-- Assignment --
Nothing but the text of the listing, repeated exactly, belongs in the answer; leave the images out.

-- Data section --
-- Opening Marker --

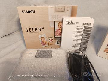 Vendo Canon SELPHY CP1300 completa di scatola originale, manuali e accessori, insieme al kit originale RP-108 (108 fogli + cartucce colore).
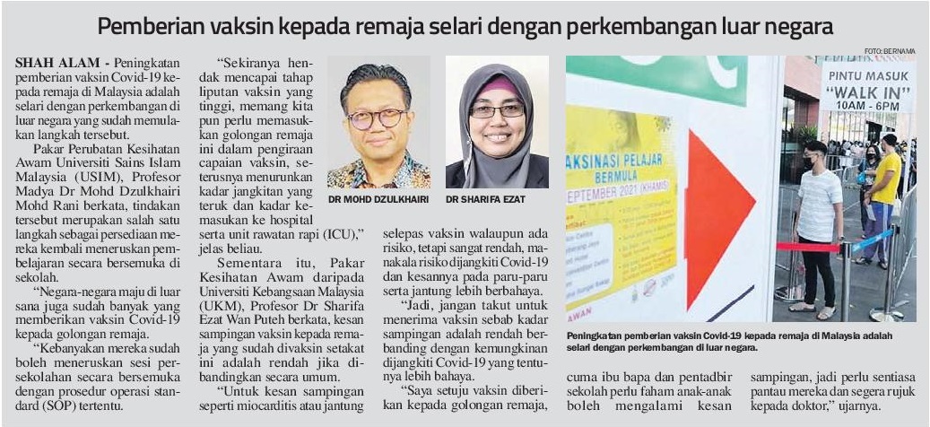 Pemberian Vaksin Kepada Remaja Selari Dengan Perkembangan Luar Negara
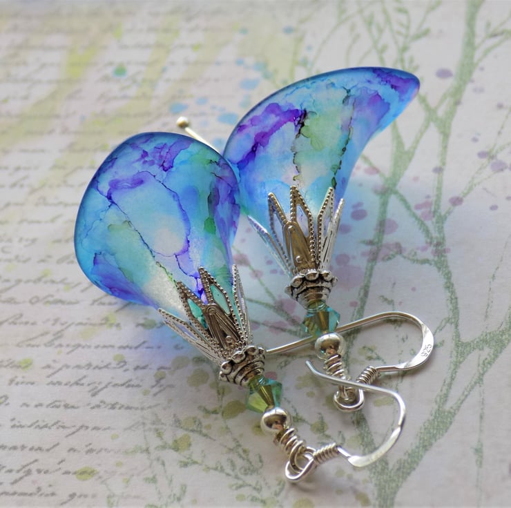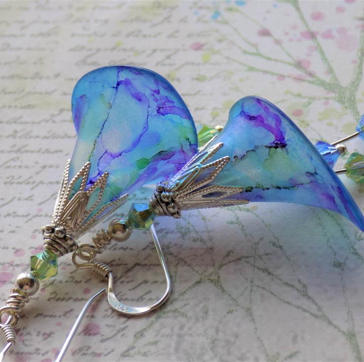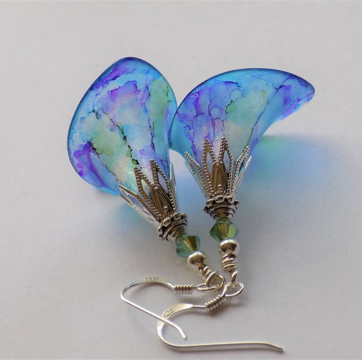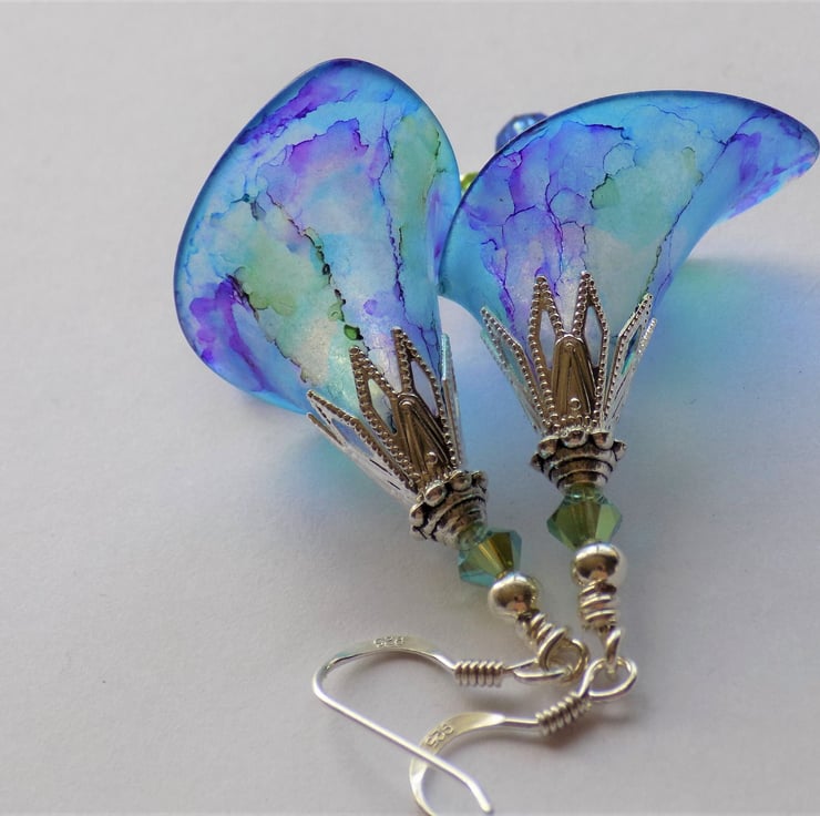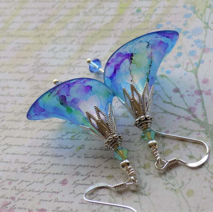 These gorgeous earrings have a blue background, with plum, purple and green marbling. They were inspired by some beuatiful irises in flower in our garden. They have detailed silver plated bead caps and 'stamens' of Swarovski Crystal Bicones in matching colours. They are shown with 925 sterling silver hooks, but you may choose your desired ear wires from the drop-down menu.
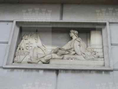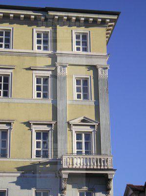 BALAUSTRA (esterno): Balcone con parapetto a balaustre ad anfora in corrispondenza delle parti aggettanti del primo piano. PARASTE (esterno): Paraste scanalate di ordine tuscanico tra primo e secondo piano in corrispondenza delle parti aggettanti. RILIEVI (esterno): Tondi decorativi raffiguranti le parti del mondo, opera di Pietro Zandomeneghi. Rettangoli scolpiti a bassorilievo da Giuseppe Moscotto e Giovanni Depaul rappresentano l'Onore, l'Industria, la Navigazione, la Riflessione, la Religione, la Costanza, la Beneficenza e il Commercio. I rilievi sono collocati negli spazi tra i fori architettonici del pianoterra.
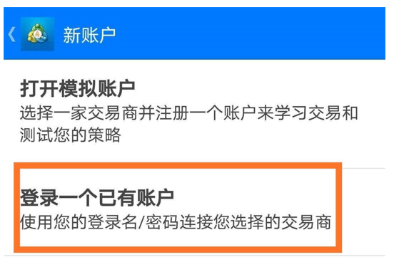 1、打开安装好的手机版MT4软件,点击左上角,再点击账户管理,再点击右上角“+”号,然后点击登录一个已有账户。
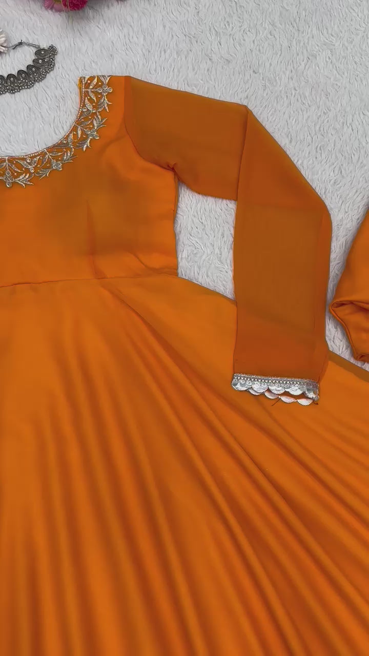 Make a grand entrance with this gorgeous Orange Georgette Heavy Flair Palazzo Anarkali Suit. Perfect for weddings, parties, and festive celebrations, this elegant outfit combines intricate thread work with a luxurious flair, ensuring you stand out with style.
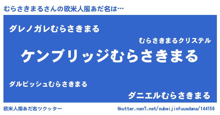 | 男性向けラノベタイトル風あだ名 | 『Re:むらさきまるから始める異世界生活』 |
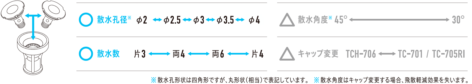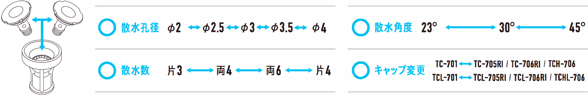 埋設後でも下記項目が○のものは、散水キャップを変更することで仕様変更できます。
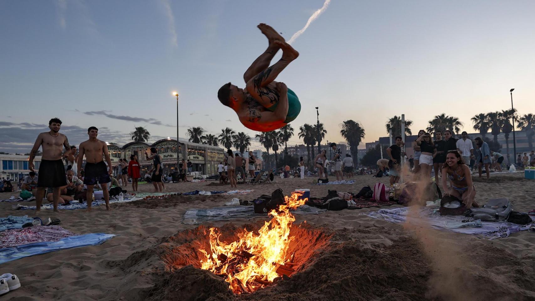 Personas bailan alrededor de una hoguera en el barrio de El Clot, en Barcelona.
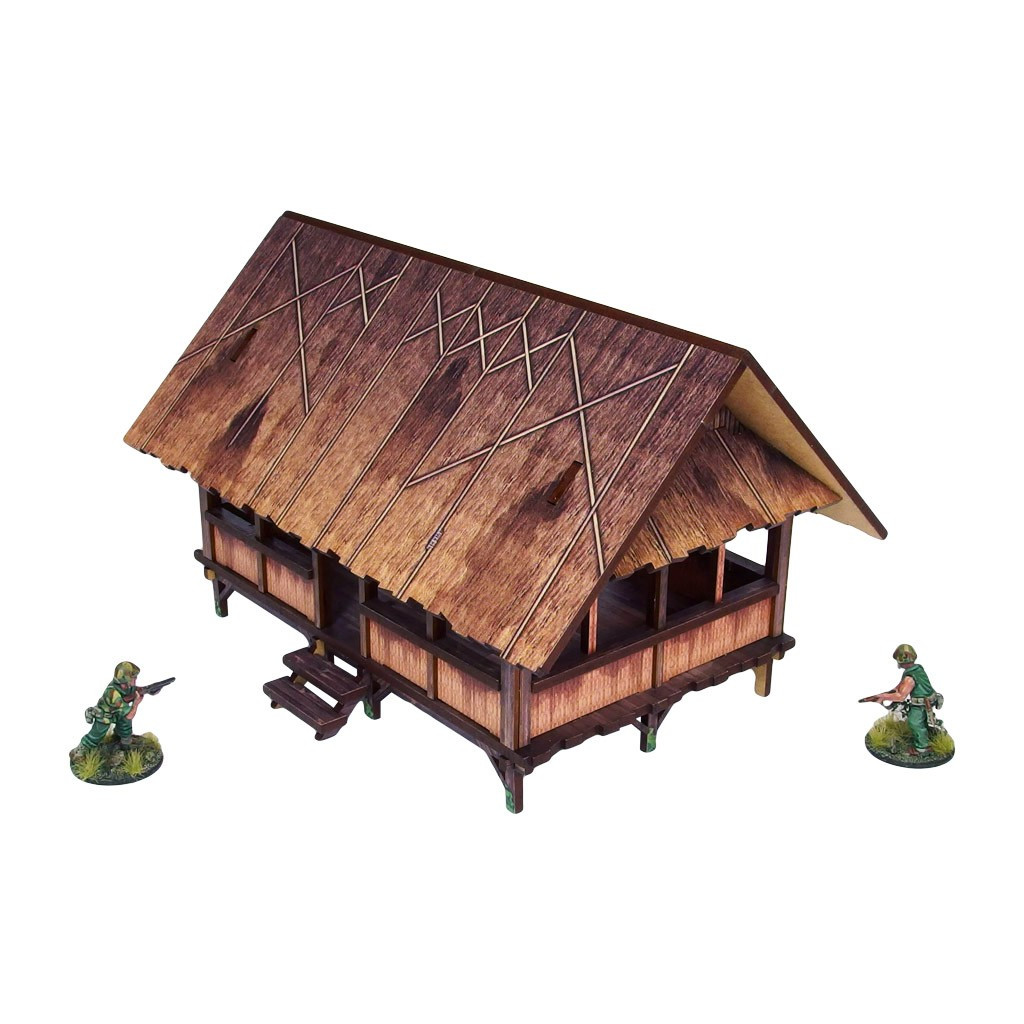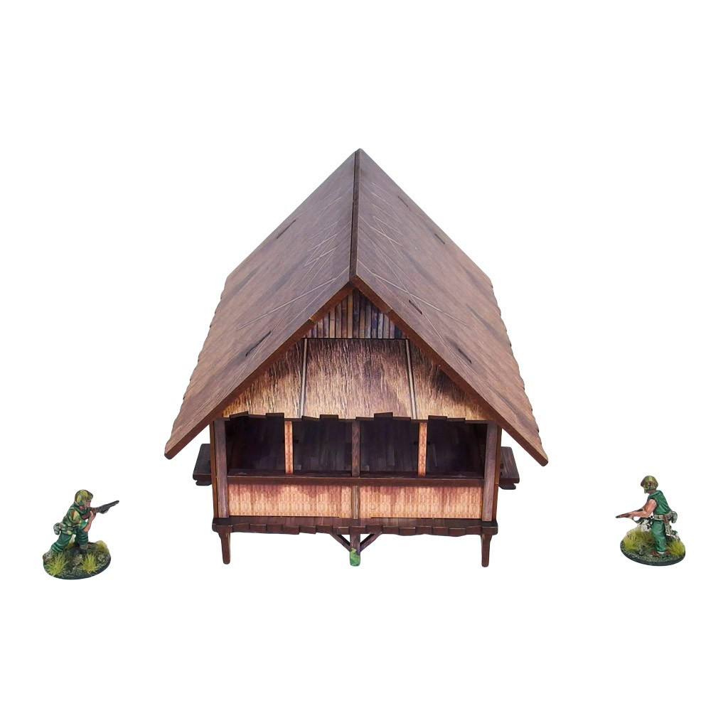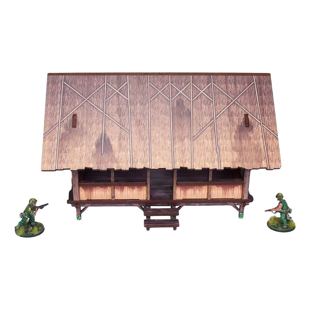 Multicolor prepainted (UV-printed) WW2 Pacific Kitchen (1) is a simple open and thatched roof building mounted on stilts, pefect to represent common South East Asia and Oceania architecture of 20th century.

-- Closing Marker --

-- Reply to the task --
 Vendo Canon SELPHY CP1300 completa di scatola originale, manuali e accessori, insieme al kit originale RP-108 (108 fogli + cartucce colore).
 Pemberian Vaksin Kepada Remaja Selari Dengan Perkembangan Luar Negara
 These gorgeous earrings have a blue background, with plum, purple and green marbling. They were inspired by some beuatiful irises in flower in our garden. They have detailed silver plated bead caps and 'stamens' of Swarovski Crystal Bicones in matching colours. They are shown with 925 sterling silver hooks, but you may choose your desired ear wires from the drop-down menu.
 BALAUSTRA (esterno): Balcone con parapetto a balaustre ad anfora in corrispondenza delle parti aggettanti del primo piano. PARASTE (esterno): Paraste scanalate di ordine tuscanico tra primo e secondo piano in corrispondenza delle parti aggettanti. RILIEVI (esterno): Tondi decorativi raffiguranti le parti del mondo, opera di Pietro Zandomeneghi. Rettangoli scolpiti a bassorilievo da Giuseppe Moscotto e Giovanni Depaul rappresentano l'Onore, l'Industria, la Navigazione, la Riflessione, la Religione, la Costanza, la Beneficenza e il Commercio. I rilievi sono collocati negli spazi tra i fori architettonici del pianoterra.
 1、打开安装好的手机版MT4软件,点击左上角,再点击账户管理,再点击右上角“+”号,然后点击登录一个已有账户。
 Make a grand entrance with this gorgeous Orange Georgette Heavy Flair Palazzo Anarkali Suit. Perfect for weddings, parties, and festive celebrations, this elegant outfit combines intricate thread work with a luxurious flair, ensuring you stand out with style.
 | 男性向けラノベタイトル風あだ名 | 『Re:むらさきまるから始める異世界生活』 |
 埋設後でも下記項目が○のものは、散水キャップを変更することで仕様変更できます。
 Personas bailan alrededor de una hoguera en el barrio de El Clot, en Barcelona.
 Multicolor prepainted (UV-printed) WW2 Pacific Kitchen (1) is a simple open and thatched roof building mounted on stilts, pefect to represent common South East Asia and Oceania architecture of 20th century.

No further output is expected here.